21-year-old transient Robin Martine has been traveling the country in a van for the last several years, hunting the supernatural and helping people. She videotapes her adventures for her YouTube channel “MalusDomestica”, which funds her life.
The book begins as Robin returns to her hometown, and you quickly learn that she’s in town to exact revenge on the coven of witches that killed her mother when she was a teenager. She’s been out there grinding witches in preparation for this fight. When she and love interest Kenway fail spectacularly to kill them, a band of shady Grossmanesque magicians come out of the woodwork to help — in exchange for her only defense against the witches: a dagger called the Osdathregar.
The Malus beta-readers are going crazy for it:
“THE MAN CAN WRITE, Y’ALL.”
“… fresh and powerful …”
“This novel is KICK ASS.”
“… knocked the wind right out of me …”
“… paints with language …”
I’m hard at work on the sequel, which is like a cross between Christine, Mad Max: Fury Road, Sons of Anarchy, and Dog Soldiers. Robin and Kenway from the first book flee across the desert to keep a mother and daughter away from their abusive patriarch Santiago and his gang of bikers. The Los Cambiantes gang is driven by an insidious motorcycle that brings out the beast in those that ride it.

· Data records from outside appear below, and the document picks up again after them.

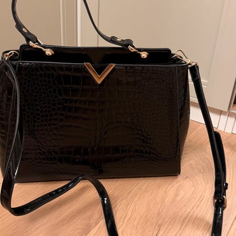 DKNY Dameveske laget av svart lær. Vesken har en quiltet design med en kjede- og lærrem for skulderbæring. Den har en magnetisk lukking og metalllogo på fronten. Innvendig fôr med mønster og flere rom for oppbevaring.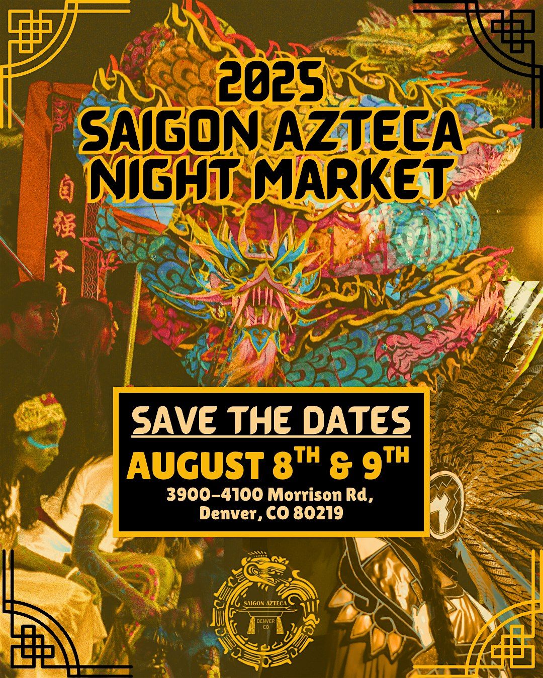 ? 3rd Annual Saigon Azteca Night Market – August 8–9, 2025 ?Location: 3900–4100 Morrison Rd, Denver, CO 80219Times:• Friday, August 8: 6 PM – 10 PM• Saturday, August 9: 1 PM – 9 PM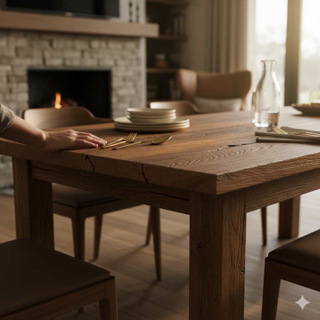 Repairability (The Longevity Factor) This is the biggest advantage. A scratch or heat mark can be sanded down and completely restored. A well-maintained solid wood table is an investment that lasts for generations.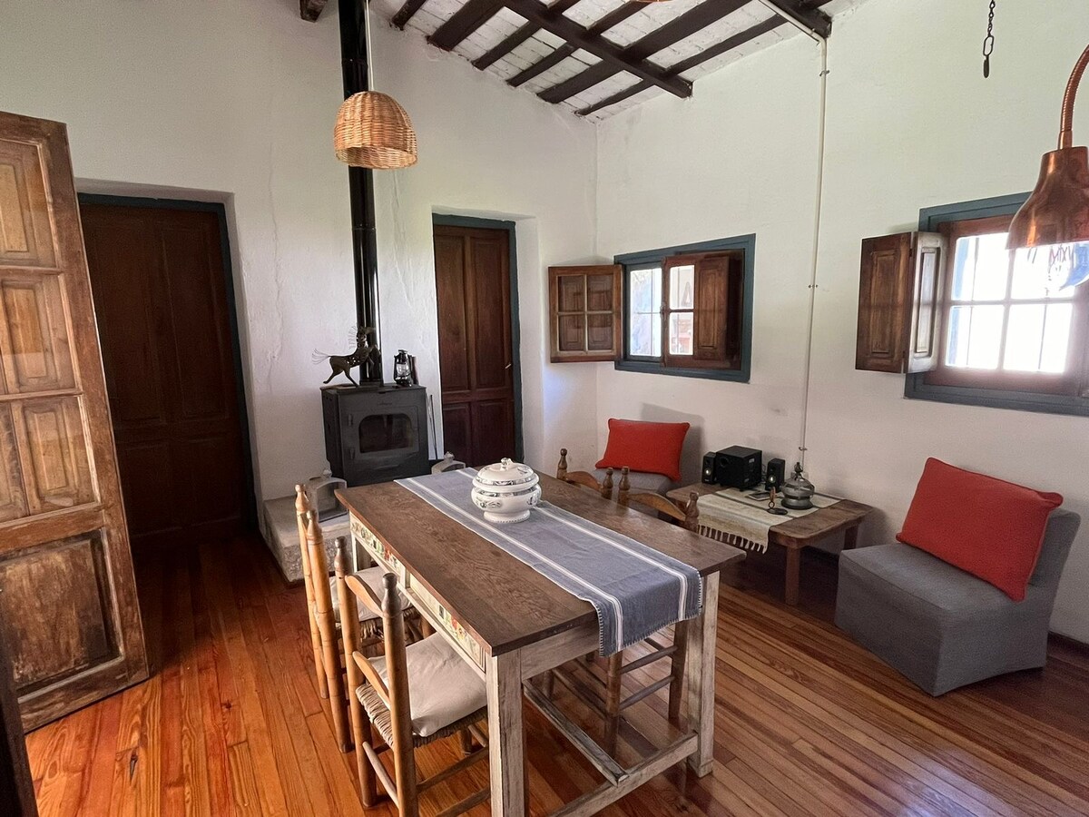 Entire family house, spacious and comfortable, facing the river, in a large garden full of fruit trees, in San Esteban, a beautiful and quiet town. Easy access by car or bus, ten km from Capilla (Cerro Uritorco) and La Cumbre. Grocery store and bus stop very close by. Three bedrooms, fully equipped kitchen, hall, laundry, barbecue, garage, Wi-Fi. Cool in summer and warm in winter. We are close for whatever you need! Your questions are not a bother!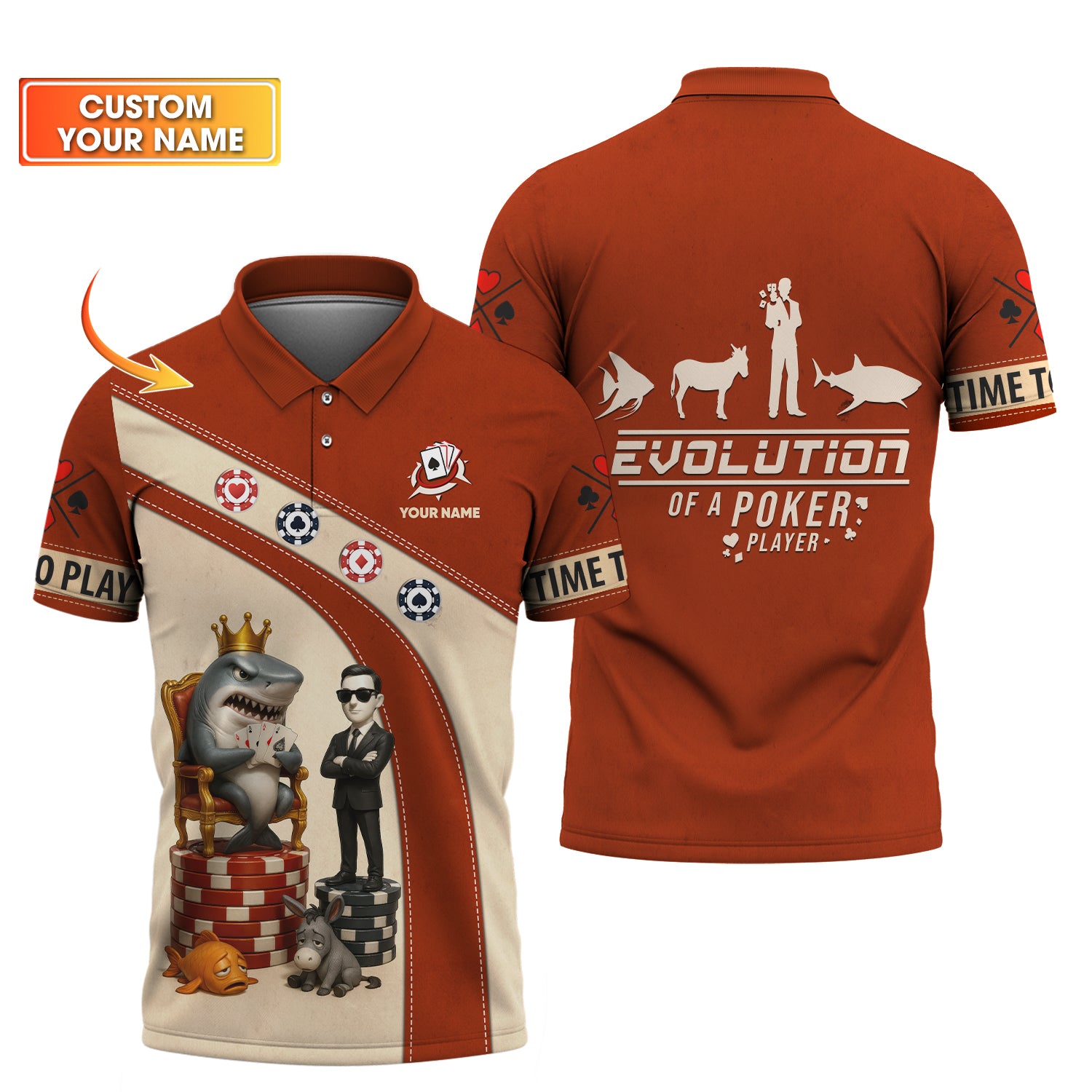 Poker T Shirt, Evolution of a Poker Player Tee Custom Funny Shark & Donkey Design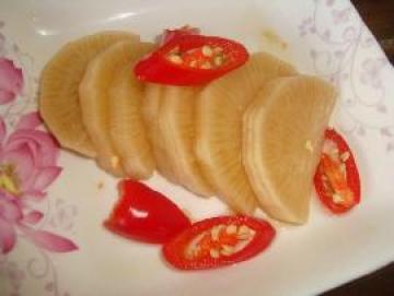 2、用酱油、大料、白糖、醋、鸡精调好汁,放入挤干的萝卜片加麻油略拌即可食用,(或腌制10分钟方便入味)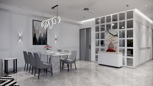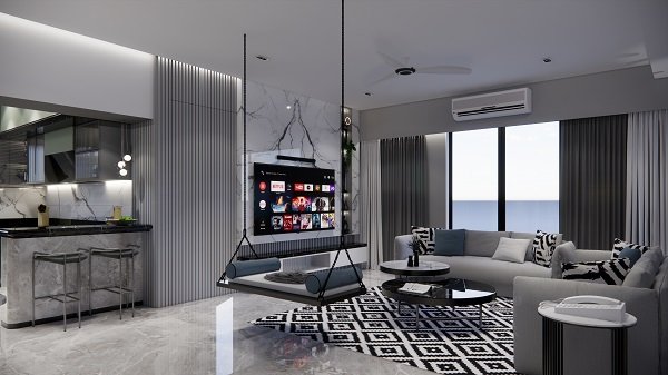 The design of the apartment reflects the specific breif of material form client offering an challenge for execution. But as it turns out the brief was used to make it an class apart with the endearing touch of clients belief.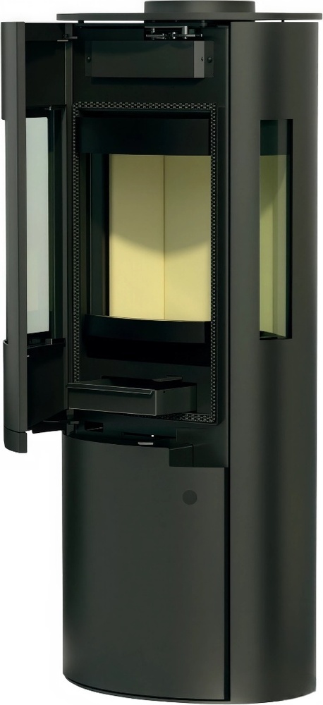 Отопительные устройства, изготовленные из высококачественной стали, окрашенной в черный цвет. Диапазон тепловой мощности серии составляет 5.5-5.9 кВт. Внутренняя часть камина футерована теплонакопительным материалом. Приток воздуха в камеру сгорания извне может осуществляться через вставку для забора наружного воздуха диаметром 120 мм. Для регулирования первичного и вторичного воздуха на передней панели имеется единый рычаг.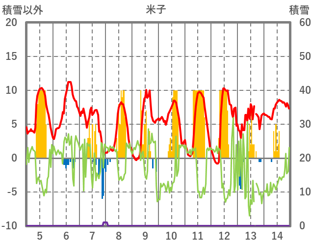| 日 | 時 | 気温 | 降水 | 風向/風速 | 日照 | 積雪 | 降雪 |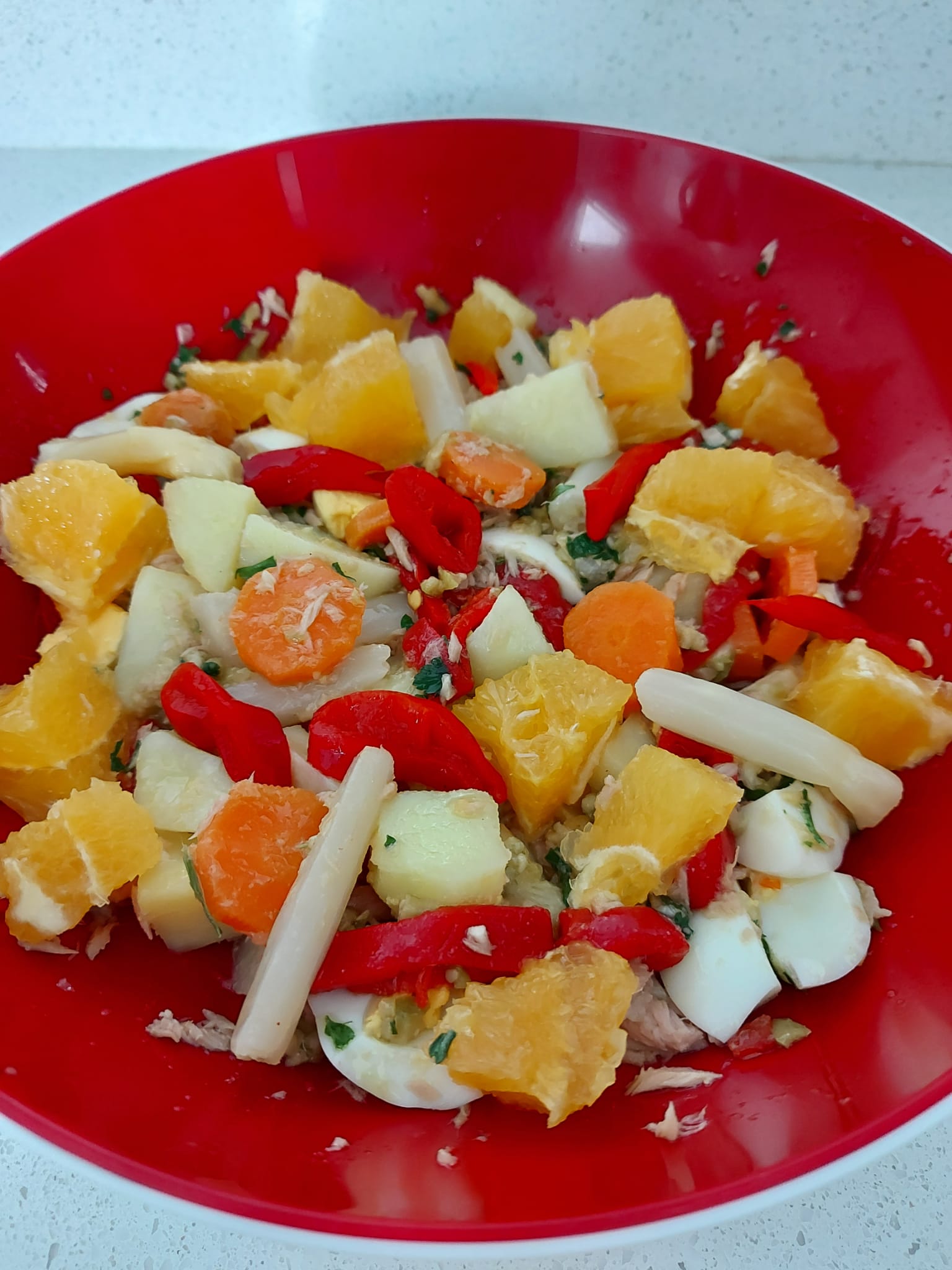 Añada el pimiento verde, las aceitunas, el aceite, el vinagre y la sal. Trocee 3 seg/vel 5. Vierta la vinagreta en la ensaladera y añada el atún, las yemas de espárragos, la naranja, el pimiento y los huevos cocidos cortados en trozos. Mezcle con la espátula y reserve en el frigorífico (aprox. 30 minutos) hasta el momento de servir.

SAH:: If you’re thinking of self-publishing, just keep in mind that it’s not a last resort. Snobs would have you believe that it’s a “quick ticket” to publication or an excuse to publish bad work, but it’s just as hard as traditional publication, if not harder. Self-publishing is nothing less than starting your own business, and you wouldn’t do that without capital, would you? You need an attractive book cover and your story needs editing, and that takes money and effort. You can’t open a pizzeria on the change in your pocket, and you can’t just slap a book up on Amazon and expect to sell it.
Querying agents is ultimately easier than trying to get people to spend money on a new, unproven, self-published author, and with a traditional publisher the logistical work is out of your hands. Going back to the pizzeria analogy, traditional publishing is like applying to be a chef in someone else’s pizzeria. Self-publishing is like opening your own pizzeria AND making your own pizzas.
Figuring out what you’re going to do as an author comes down to what you’re capable of, financially and effort-wise. Do you want to try to singlehandedly convince one of 200 literary agents to represent you, or all of a million readers to spend real money on you? Do you have the capital to pay for what it takes to produce a quality product?
MP: Finally, how can the SF Signal community help support you?
SAH: Word-of-mouth is even more important than reviews. My books have upwards of 300 reviews and extraordinarily high Amazon ratings, but I’m one of the best kept secrets on the internet, so nobody knows who I am! But you can fix that. The best way to support any author is to buy their books and spread the word…tell your mother! Tell your brother! Tell your coworkers! Tell the people at your AA meeting!